= Beginning of Section =

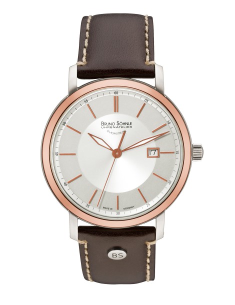 Herrenuhr, Quarzwerk in BS-Ausführung, Edelstahlgehäuse Ø 43 mm, Höhe 7,30 mm, ionenplattiert bicolor rosé, bis 5 bar, Saphirglas innen entspiegelt, Kalbslederband dunkelbraun mit Faltschließe
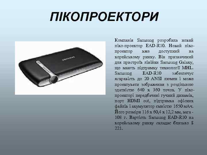 ПІКОПРОЕКТОРИ Компанія Samsung розробила новий піко-проектор EAD-R 10. Новий пікопроектор вже доступний на корейському ринку. Він призначений для пристроїв лінійки Samsung Galaxy, що мають підтримку технології MHL. Samsung EAD-R 10 забезпечує яскравість до 20 ANSI люмен і може проектувати зображення з роздільною здатністю 640 х 360 точок. У пікопроекторі передбачені гучний динамік, порт HDMI out, підтримка офісних файлів і акумулятор ємністю 1650 м. Ач. Його розміри 116 х 60, 4 х 12, 2 мм, вага - 108 г. Вартість Samsung EAD-R 10 на корейському ринку складає близько $ 221.
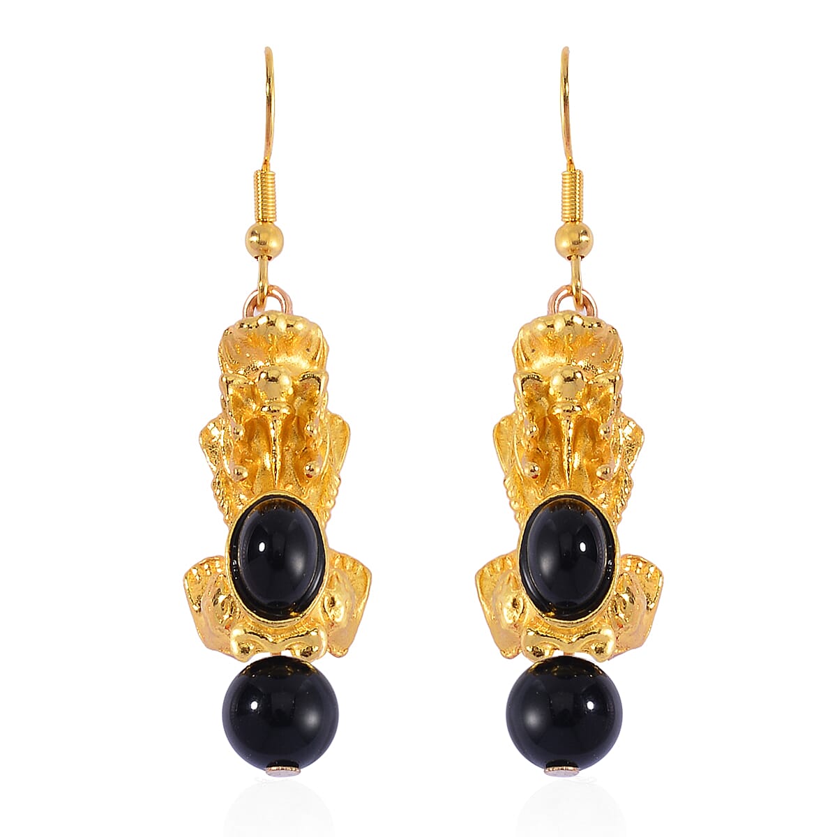 Pixiu Feng Shui Black Obsidian Earrings in Goldtone and ION Plated YG Stainless Steel 16.25 ctw
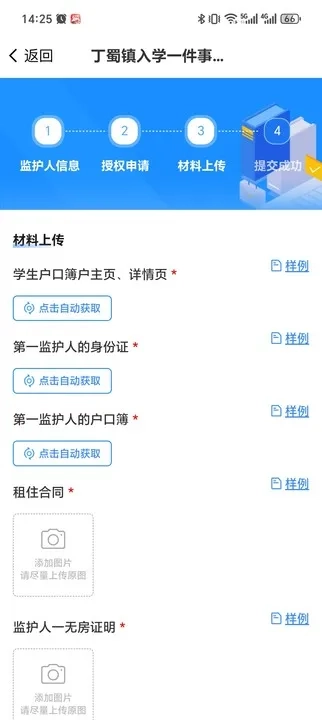 所有监护人完成授权操作后,需进入“监护人信息”模块进行材料上传与提交。系统会依据申请人所选指标,对应展示需上传的材料清单。户口簿等电子证照支持自动调取,申请人应仔细核对其准确性,确保材料内容无误且为最新版本。若系统未能成功调取电子证照,可通过手动方式上传相关材料。
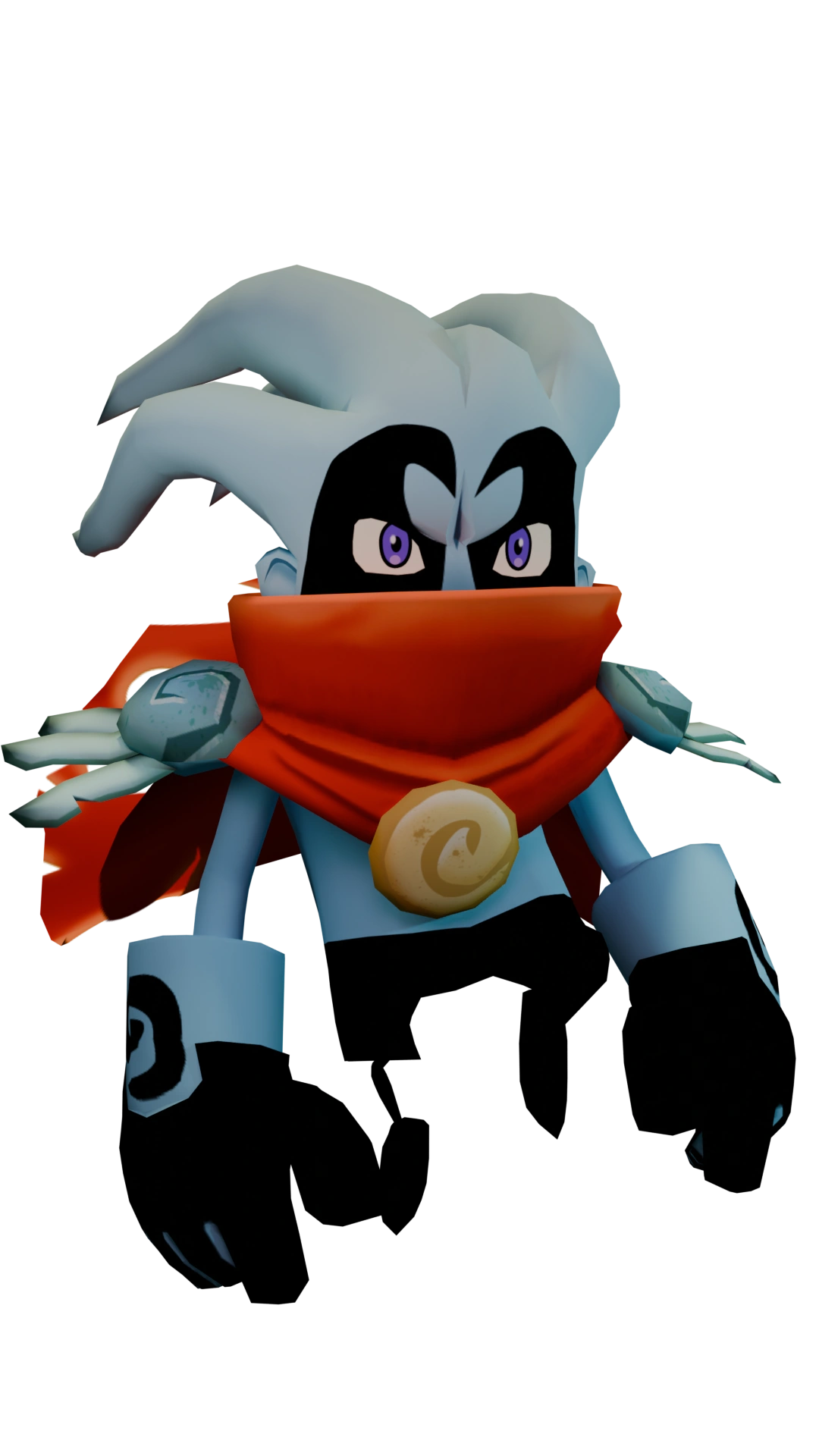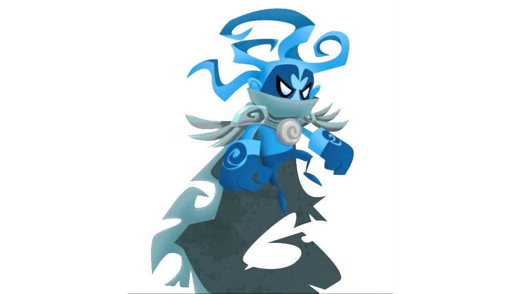 Nimbus is a violet-eyed, black and light blue air elemental with large gauntlets, a red tattered cape, a red scarf, metal wing-shaped shoulder pads, and a gold medallion bearing the Wind Warrior emblem. The top of his head consists of four head-tails.
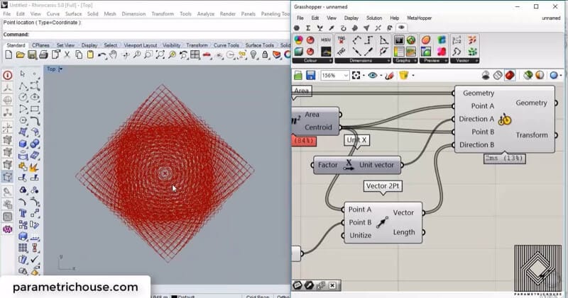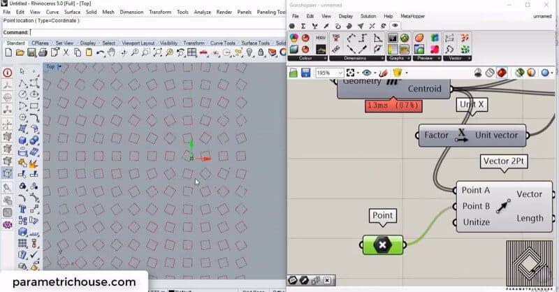 The problem is that “vector 2pt” will give us a vector with a length equal to the distance between the point and the centroids. And because the “Direction A” was a unit X vector, Grasshopper will compare the length of the vectors to define the scale factor. we can easily right click on unitize and set it to true to make the squares the same size.
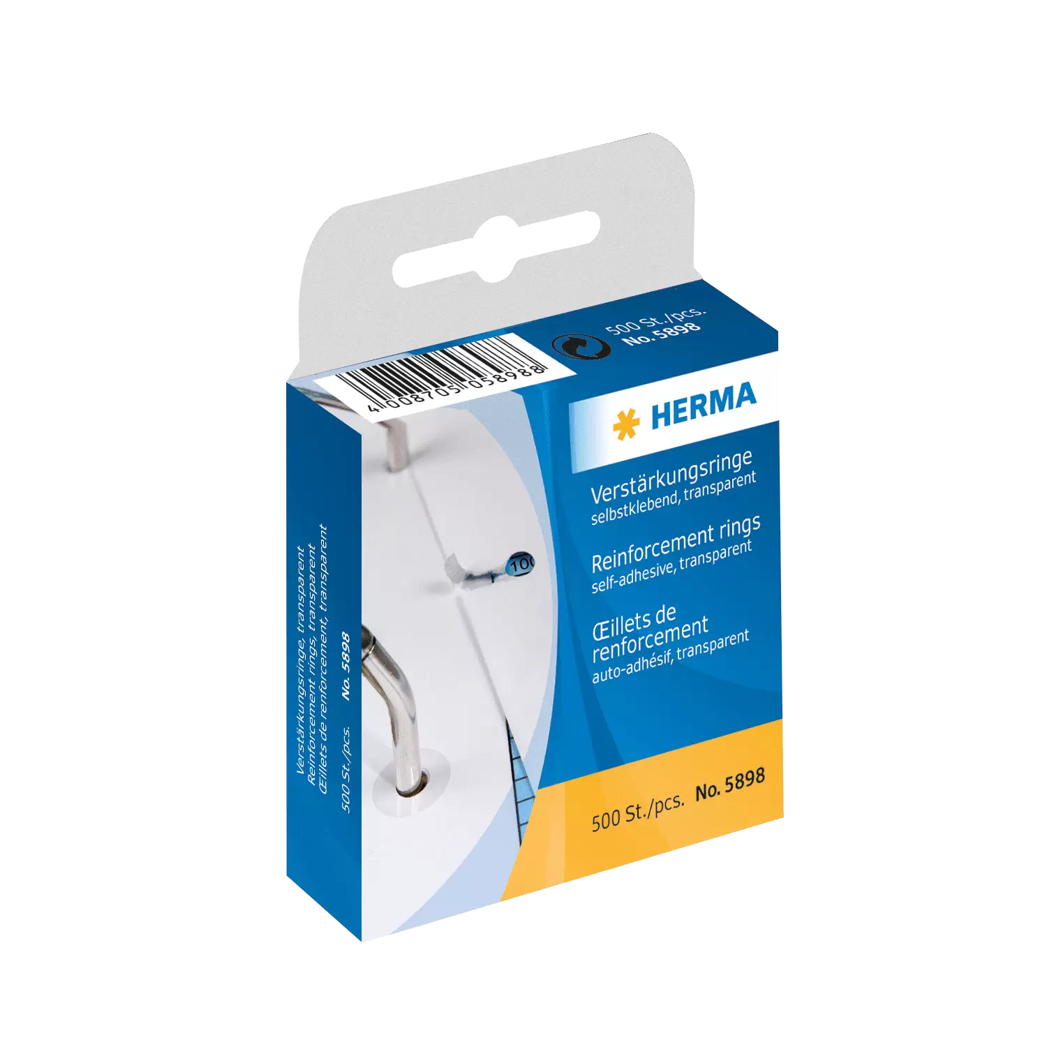 Self-adhesive reinforcement rings, made of tear-resistant transparent plastic film, for neatly and dependably reinforcing of repairing file attachment holes. Outer diameter 12mm. In functional cardboard dispenser.
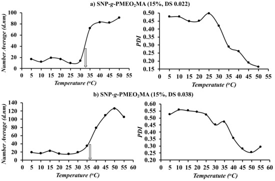 The hydrodynamic diameter of the SNP-g-PMEO2MA samples was monitored as a function of temperature, to explore the use of DLS as an alternate method to determine the LCAT. In contrast to the UV-vis measurements, where the temperature was ramped continuously at 1 °C/min, it was necessary to set a temperature and wait for equilibration before the DLS measurements, which made that method much more time-consuming, such that measurements were only carried out at 5 °C intervals. In spite of the rather crude approach used, a sharp increase in the number-average diameter was observed (Figure 5) at temperatures comparable to the LCAT determined in the UV-vis measurements. This is understandable, as the polymers become hydrophobic at their LCAT, which promotes aggregation. For example, the transition temperatures between 35–40 °C for SNP-g-PMEO2MA (15%, DS 0.038) and 30–35 °C for SNP-g-PMEO2MA (15%, DS 0.022) determined by DLS are consistent with the LCAT obtained by UV-visible spectroscopy (36 and 32 °C, respectively). As expected, the DS 0.022 sample, with longer PMEO2MA chains, began aggregating at a lower temperature than the DS 0.038 sample. In addition, the size distribution of the aggregated thermoresponsive SNPs was narrower than below the LCAT, as shown in Figure 5: The PDI values decreased to 0.16 for the DS 0.022 sample and 0.25 for the DS 0.038 sample, indicating the formation of micellar aggregates of more uniform size. It, therefore, appears that DLS measurements are equivalent to the UV-visible method for the determination of the LCAT, albeit the technique would be much more time-consuming if comparably accurate results were desired, which would require carrying out DLS measurements at less than 5 °C intervals.
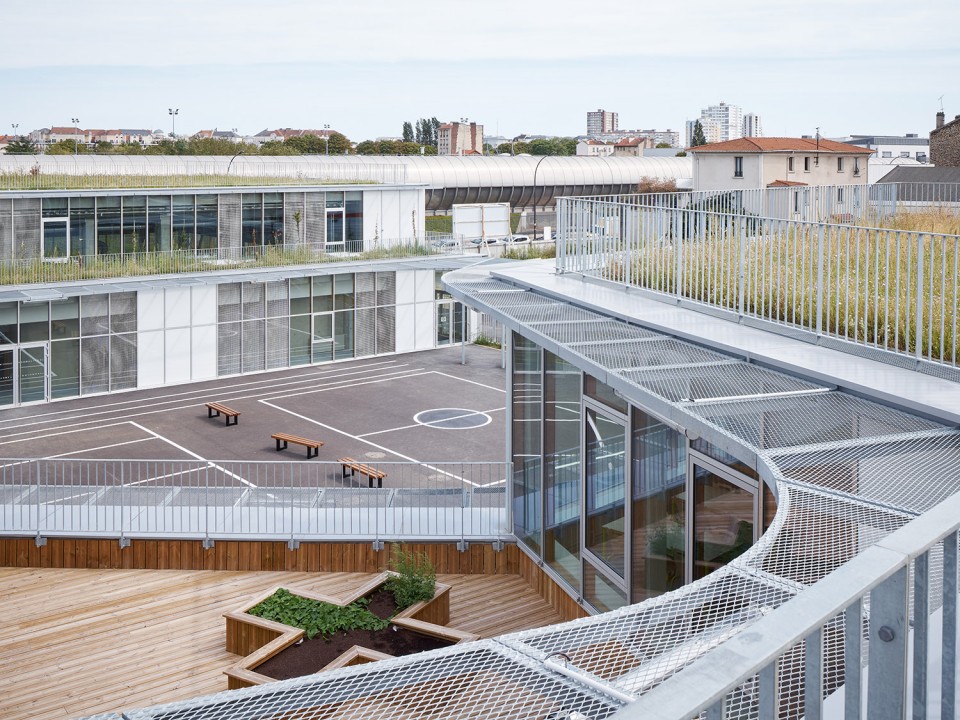 學(xué)生宿舍的設(shè)計(jì)基于4個(gè)主要建筑學(xué)原則。首先,項(xiàng)目作為一個(gè)整體要具有合理的功能(結(jié)構(gòu)和技術(shù)空間的疊加),同時(shí)還要緊湊。距離其他功能分區(qū)的距離使它有所脫節(jié),具有一定的獨(dú)立性。由于宿舍區(qū)被設(shè)置在盡可能北的方位,最窄的立面朝向Jean-Jaurès大街,平臺(tái)不會(huì)阻擋陽光進(jìn)入室內(nèi)。這也保證了操場(chǎng)能夠享受足夠多的陽光。
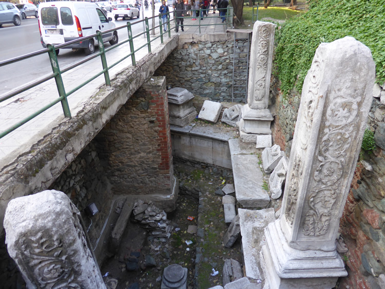 UK and Europe Roadtrip - ThessalonikiGreat Fire of 1917 destroyed two thirds of Thessaloniki which meant they had a chance to rebuild as they wanted, often locating historical ruins as they did. These ruins are being excavated from under and beside the main road. Select the photo below to see the The Church of St Panteleimon and more. Previous | Album | Next |
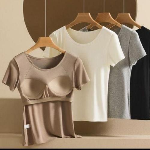 캡내장 노브라 반팔티셔츠 브라탑 모달 홈웨어 스판
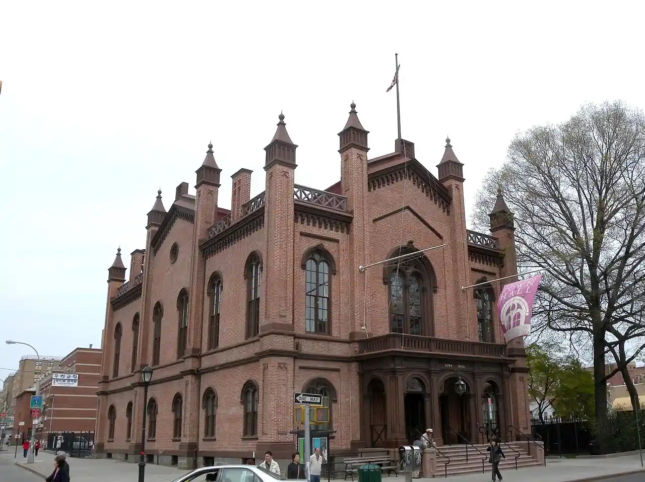 Flushing Town Hall is a historic Town Hall located on Northern Boulevard at Linden Place in the Flushing section of the New York City borough of Queens. Formerly, it served as the seat of government of the village of Flushing, established as Vlissingen in 1645, until the consolidation with New York City in 1898. It was built in 1862 and is a 2-story, three-by-six-bay, brick building with basement and attic. A style of architecture that originated in Germany, Rundbogenstil ("round arch style"), was used here and in a number of American buildings of the Civil War Era. The earliest photographs show the building to have been painted a light color. The use of paint was discontinued following adhesion problems during a restoration. A small rear wing was added in 1938 containing a block of jail cells. The front facade features a triple arched portico topped by a classic entablature with low balustrade. See also: Read more on Wikipedia
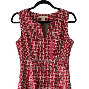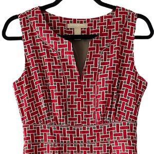 BANANA REPUBLIC | NWOT SLEEVELESS RED GEOMETRIC SHEATH DRESS SPLIT NECK | SIZE 4
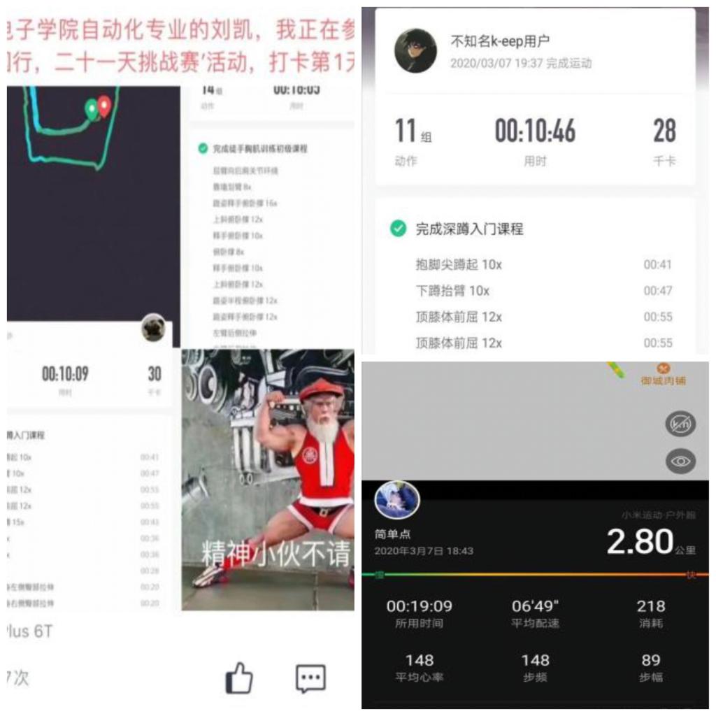 疫情来袭,必赢官网电子与电气工程学院积极响应必赢官网开展的“不停学不停练—每日健康打卡”活动,特此举办线上二十一天成果展示活动,得到了同学们的积极响应,纷纷借助各种健身软件完成每日的锻炼,通过app为自己安排合适的的健身活动与健身计划。
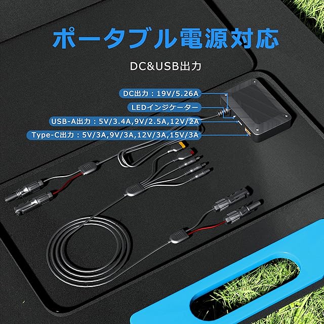 DOROEO ソーラーパネル 100W 太陽光パネル USB-C/USB-A/DC出力 超軽量 2.9KG 折り畳み式 ソーラーチャージャー スマホやタブレット充電可能 高変換効率 (100W 19V 5.26A) 単結晶 太陽光発電 省エネ ソーラー充電器 ポータブル電源対応 アウトドア 防災 非常時 節電対策

= End of Section =

[What this task involves] Only the lines from the top of the material through the line containing "Self-adhesive reinforcement rings, made" should be written out, exactly and without pictures.

[Result of this exercise]
 Herrenuhr, Quarzwerk in BS-Ausführung, Edelstahlgehäuse Ø 43 mm, Höhe 7,30 mm, ionenplattiert bicolor rosé, bis 5 bar, Saphirglas innen entspiegelt, Kalbslederband dunkelbraun mit Faltschließe
 ПІКОПРОЕКТОРИ Компанія Samsung розробила новий піко-проектор EAD-R 10. Новий пікопроектор вже доступний на корейському ринку. Він призначений для пристроїв лінійки Samsung Galaxy, що мають підтримку технології MHL. Samsung EAD-R 10 забезпечує яскравість до 20 ANSI люмен і може проектувати зображення з роздільною здатністю 640 х 360 точок. У пікопроекторі передбачені гучний динамік, порт HDMI out, підтримка офісних файлів і акумулятор ємністю 1650 м. Ач. Його розміри 116 х 60, 4 х 12, 2 мм, вага - 108 г. Вартість Samsung EAD-R 10 на корейському ринку складає близько $ 221.
 Pixiu Feng Shui Black Obsidian Earrings in Goldtone and ION Plated YG Stainless Steel 16.25 ctw
 所有监护人完成授权操作后,需进入“监护人信息”模块进行材料上传与提交。系统会依据申请人所选指标,对应展示需上传的材料清单。户口簿等电子证照支持自动调取,申请人应仔细核对其准确性,确保材料内容无误且为最新版本。若系统未能成功调取电子证照,可通过手动方式上传相关材料。
 Nimbus is a violet-eyed, black and light blue air elemental with large gauntlets, a red tattered cape, a red scarf, metal wing-shaped shoulder pads, and a gold medallion bearing the Wind Warrior emblem. The top of his head consists of four head-tails.
 The problem is that “vector 2pt” will give us a vector with a length equal to the distance between the point and the centroids. And because the “Direction A” was a unit X vector, Grasshopper will compare the length of the vectors to define the scale factor. we can easily right click on unitize and set it to true to make the squares the same size.
 Self-adhesive reinforcement rings, made of tear-resistant transparent plastic film, for neatly and dependably reinforcing of repairing file attachment holes. Outer diameter 12mm. In functional cardboard dispenser.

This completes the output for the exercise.